### THE TASK
From top to bottom, write out the listing exactly.

= = = = = = =

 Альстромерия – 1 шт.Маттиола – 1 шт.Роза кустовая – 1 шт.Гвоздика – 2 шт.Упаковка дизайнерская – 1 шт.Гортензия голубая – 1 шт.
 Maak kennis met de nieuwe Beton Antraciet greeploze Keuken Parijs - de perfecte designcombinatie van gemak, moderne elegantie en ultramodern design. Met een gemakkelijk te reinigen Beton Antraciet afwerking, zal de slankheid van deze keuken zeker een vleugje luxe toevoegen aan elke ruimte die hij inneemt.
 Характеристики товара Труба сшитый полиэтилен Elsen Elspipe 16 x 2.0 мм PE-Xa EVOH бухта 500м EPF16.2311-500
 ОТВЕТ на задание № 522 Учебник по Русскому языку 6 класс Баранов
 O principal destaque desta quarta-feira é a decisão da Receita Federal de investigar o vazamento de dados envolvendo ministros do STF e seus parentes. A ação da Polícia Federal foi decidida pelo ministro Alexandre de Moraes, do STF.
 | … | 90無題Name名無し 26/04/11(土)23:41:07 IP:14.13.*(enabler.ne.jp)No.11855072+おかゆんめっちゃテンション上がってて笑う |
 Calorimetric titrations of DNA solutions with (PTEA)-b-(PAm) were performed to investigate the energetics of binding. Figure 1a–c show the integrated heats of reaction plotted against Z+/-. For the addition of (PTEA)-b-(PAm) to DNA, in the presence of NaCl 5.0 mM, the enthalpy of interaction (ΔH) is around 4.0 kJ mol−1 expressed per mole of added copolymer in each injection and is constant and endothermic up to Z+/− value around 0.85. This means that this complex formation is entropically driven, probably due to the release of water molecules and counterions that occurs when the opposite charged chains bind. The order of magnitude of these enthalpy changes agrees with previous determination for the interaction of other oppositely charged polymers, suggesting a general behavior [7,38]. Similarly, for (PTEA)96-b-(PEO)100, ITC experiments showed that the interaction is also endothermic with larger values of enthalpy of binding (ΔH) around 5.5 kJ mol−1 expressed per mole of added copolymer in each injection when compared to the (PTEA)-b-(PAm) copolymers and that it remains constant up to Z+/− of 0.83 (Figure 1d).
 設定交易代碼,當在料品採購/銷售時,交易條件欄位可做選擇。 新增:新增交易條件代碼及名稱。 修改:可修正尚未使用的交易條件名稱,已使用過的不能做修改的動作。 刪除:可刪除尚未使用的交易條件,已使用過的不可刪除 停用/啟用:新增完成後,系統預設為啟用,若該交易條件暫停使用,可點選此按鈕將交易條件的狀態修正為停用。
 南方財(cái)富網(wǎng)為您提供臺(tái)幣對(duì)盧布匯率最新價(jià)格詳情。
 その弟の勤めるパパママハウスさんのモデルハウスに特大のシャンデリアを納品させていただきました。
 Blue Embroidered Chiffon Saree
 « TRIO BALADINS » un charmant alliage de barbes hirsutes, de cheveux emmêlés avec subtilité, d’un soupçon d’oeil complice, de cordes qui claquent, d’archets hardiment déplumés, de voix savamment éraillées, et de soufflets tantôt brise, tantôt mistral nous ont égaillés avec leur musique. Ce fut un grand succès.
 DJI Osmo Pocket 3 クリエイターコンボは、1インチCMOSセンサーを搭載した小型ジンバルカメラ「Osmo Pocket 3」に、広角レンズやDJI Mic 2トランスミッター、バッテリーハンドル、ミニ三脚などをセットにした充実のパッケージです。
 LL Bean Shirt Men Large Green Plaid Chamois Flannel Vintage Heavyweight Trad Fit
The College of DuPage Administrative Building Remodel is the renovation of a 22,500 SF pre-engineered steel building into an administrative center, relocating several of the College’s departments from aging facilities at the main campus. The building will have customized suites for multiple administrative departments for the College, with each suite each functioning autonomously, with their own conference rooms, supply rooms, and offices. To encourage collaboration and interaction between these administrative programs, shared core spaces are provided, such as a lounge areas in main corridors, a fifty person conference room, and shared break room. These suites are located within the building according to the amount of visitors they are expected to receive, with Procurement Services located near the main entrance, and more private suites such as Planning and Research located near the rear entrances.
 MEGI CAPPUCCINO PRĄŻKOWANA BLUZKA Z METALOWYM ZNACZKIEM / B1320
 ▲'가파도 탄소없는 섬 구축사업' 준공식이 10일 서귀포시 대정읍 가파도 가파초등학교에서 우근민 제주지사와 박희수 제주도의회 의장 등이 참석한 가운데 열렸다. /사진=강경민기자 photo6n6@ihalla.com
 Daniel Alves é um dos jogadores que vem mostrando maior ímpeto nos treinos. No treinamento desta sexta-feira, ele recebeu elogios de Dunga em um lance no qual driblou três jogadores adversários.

= = = = = = =

### EXERCISE OUTPUT
 Альстромерия – 1 шт.Маттиола – 1 шт.Роза кустовая – 1 шт.Гвоздика – 2 шт.Упаковка дизайнерская – 1 шт.Гортензия голубая – 1 шт.
 Maak kennis met de nieuwe Beton Antraciet greeploze Keuken Parijs - de perfecte designcombinatie van gemak, moderne elegantie en ultramodern design. Met een gemakkelijk te reinigen Beton Antraciet afwerking, zal de slankheid van deze keuken zeker een vleugje luxe toevoegen aan elke ruimte die hij inneemt.
 Характеристики товара Труба сшитый полиэтилен Elsen Elspipe 16 x 2.0 мм PE-Xa EVOH бухта 500м EPF16.2311-500
 ОТВЕТ на задание № 522 Учебник по Русскому языку 6 класс Баранов
 O principal destaque desta quarta-feira é a decisão da Receita Federal de investigar o vazamento de dados envolvendo ministros do STF e seus parentes. A ação da Polícia Federal foi decidida pelo ministro Alexandre de Moraes, do STF.
 | … | 90無題Name名無し 26/04/11(土)23:41:07 IP:14.13.*(enabler.ne.jp)No.11855072+おかゆんめっちゃテンション上がってて笑う |
 Calorimetric titrations of DNA solutions with (PTEA)-b-(PAm) were performed to investigate the energetics of binding. Figure 1a–c show the integrated heats of reaction plotted against Z+/-. For the addition of (PTEA)-b-(PAm) to DNA, in the presence of NaCl 5.0 mM, the enthalpy of interaction (ΔH) is around 4.0 kJ mol−1 expressed per mole of added copolymer in each injection and is constant and endothermic up to Z+/− value around 0.85. This means that this complex formation is entropically driven, probably due to the release of water molecules and counterions that occurs when the opposite charged chains bind. The order of magnitude of these enthalpy changes agrees with previous determination for the interaction of other oppositely charged polymers, suggesting a general behavior [7,38]. Similarly, for (PTEA)96-b-(PEO)100, ITC experiments showed that the interaction is also endothermic with larger values of enthalpy of binding (ΔH) around 5.5 kJ mol−1 expressed per mole of added copolymer in each injection when compared to the (PTEA)-b-(PAm) copolymers and that it remains constant up to Z+/− of 0.83 (Figure 1d).
 設定交易代碼,當在料品採購/銷售時,交易條件欄位可做選擇。 新增:新增交易條件代碼及名稱。 修改:可修正尚未使用的交易條件名稱,已使用過的不能做修改的動作。 刪除:可刪除尚未使用的交易條件,已使用過的不可刪除 停用/啟用:新增完成後,系統預設為啟用,若該交易條件暫停使用,可點選此按鈕將交易條件的狀態修正為停用。
 南方財(cái)富網(wǎng)為您提供臺(tái)幣對(duì)盧布匯率最新價(jià)格詳情。
 その弟の勤めるパパママハウスさんのモデルハウスに特大のシャンデリアを納品させていただきました。
 Blue Embroidered Chiffon Saree
 « TRIO BALADINS » un charmant alliage de barbes hirsutes, de cheveux emmêlés avec subtilité, d’un soupçon d’oeil complice, de cordes qui claquent, d’archets hardiment déplumés, de voix savamment éraillées, et de soufflets tantôt brise, tantôt mistral nous ont égaillés avec leur musique. Ce fut un grand succès.
 DJI Osmo Pocket 3 クリエイターコンボは、1インチCMOSセンサーを搭載した小型ジンバルカメラ「Osmo Pocket 3」に、広角レンズやDJI Mic 2トランスミッター、バッテリーハンドル、ミニ三脚などをセットにした充実のパッケージです。
 LL Bean Shirt Men Large Green Plaid Chamois Flannel Vintage Heavyweight Trad Fit
The College of DuPage Administrative Building Remodel is the renovation of a 22,500 SF pre-engineered steel building into an administrative center, relocating several of the College’s departments from aging facilities at the main campus. The building will have customized suites for multiple administrative departments for the College, with each suite each functioning autonomously, with their own conference rooms, supply rooms, and offices. To encourage collaboration and interaction between these administrative programs, shared core spaces are provided, such as a lounge areas in main corridors, a fifty person conference room, and shared break room. These suites are located within the building according to the amount of visitors they are expected to receive, with Procurement Services located near the main entrance, and more private suites such as Planning and Research located near the rear entrances.
 MEGI CAPPUCCINO PRĄŻKOWANA BLUZKA Z METALOWYM ZNACZKIEM / B1320
 ▲'가파도 탄소없는 섬 구축사업' 준공식이 10일 서귀포시 대정읍 가파도 가파초등학교에서 우근민 제주지사와 박희수 제주도의회 의장 등이 참석한 가운데 열렸다. /사진=강경민기자 photo6n6@ihalla.com
 Daniel Alves é um dos jogadores que vem mostrando maior ímpeto nos treinos. No treinamento desta sexta-feira, ele recebeu elogios de Dunga em um lance no qual driblou três jogadores adversários.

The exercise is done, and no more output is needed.